Client selection SplitLearningSequentialSelectionStrategy Sequentially serves one client at a time for split learning.
Client selection PersonalizedRatioSelectionStrategy Limits participation by ratio before a personalization phase.

Implementing Custom Strategies

from typing import Dict, List
from types import SimpleNamespace

from plato.servers.strategies.base import (
    AggregationStrategy,
    ClientSelectionStrategy,
    ServerContext,
)


class ClippedAggregationStrategy(AggregationStrategy):
    """Clip client deltas before averaging to improve robustness."""

    def __init__(self, max_norm: float = 5.0):
        self.max_norm = max_norm

    async def aggregate_deltas(
        self,
        updates: List[SimpleNamespace],
        deltas_received: List[Dict],
        context: ServerContext,
    ) -> Dict:
        total_samples = sum(update.report.num_samples for update in updates)
        averaged = {
            name: context.trainer.zeros(delta.shape)
            for name, delta in deltas_received[0].items()
        }

        for i, delta in enumerate(deltas_received):
            weight = updates[i].report.num_samples / total_samples
            for name, value in delta.items():
                clipped = value.clamp(-self.max_norm, self.max_norm)
                averaged[name] += clipped * weight

        return averaged


class StragglerAwareSelection(ClientSelectionStrategy):
    """Avoid repeatedly selecting clients that recently participated."""

    def select_clients(
        self,
        clients_pool: List[int],
        clients_count: int,
        context: ServerContext,
    ) -> List[int]:
        history = context.state.setdefault(
            "recent_clients", []
        )  # maintain simple FIFO history
        eligible = [cid for cid in clients_pool if cid not in history]

        if len(eligible) < clients_count:
            eligible = clients_pool  # fallback if pool is too small

        selected = eligible[:clients_count]
        history.extend(selected)
        history[:] = history[-2 * clients_count :]  # keep last few entries
        return selected

Key tips:

  • Strategies receive a ServerContext instance on every call; use it to read or share runtime state.
  • Aggregation strategies may override aggregate_weights() when working with weight dictionaries instead of deltas.
  • Client selection strategies can optionally implement on_clients_selected() and on_reports_received() hooks when additional bookkeeping is required.

Strategy Interfaces

plato/servers/strategies/base.py defines the shared contracts. The most important attributes on ServerContext are:

  • server, trainer, and algorithm references for interacting with the broader system.
  • current_round, total_clients, and clients_per_round counters.
  • updates: list of SimpleNamespace instances containing the latest batch of client reports.
  • state: dictionary for persisting cross-call state without mutating the server directly.

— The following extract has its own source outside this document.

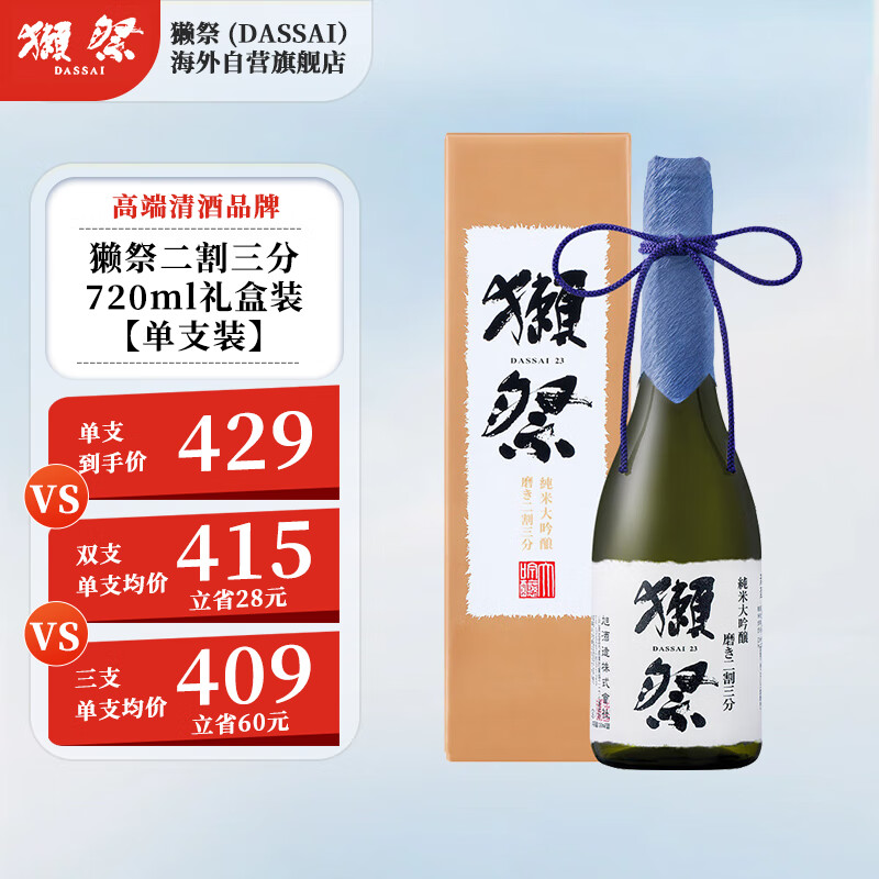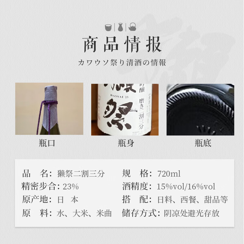 獭祭(Dassai)23二割三分 日本清酒 720ml 礼盒装 纯米大吟酿价格:429.00元!

Refer to the source docstrings for the complete interface.

Migrating from Hook Overrides

The hook-based approach, as documented in the next section, continues to work for advanced scenarios. We recommend the strategy pattern for new projects because it keeps responsibilities modular and testable. When migrating:

  1. Identify the overridden hook (for example, choose_clients) and map it to the corresponding strategy (ClientSelectionStrategy.select_clients).
  2. Move helper attributes into the strategy's internal state or the shared context.state.
  3. Register the strategy in your server factory or experiment script.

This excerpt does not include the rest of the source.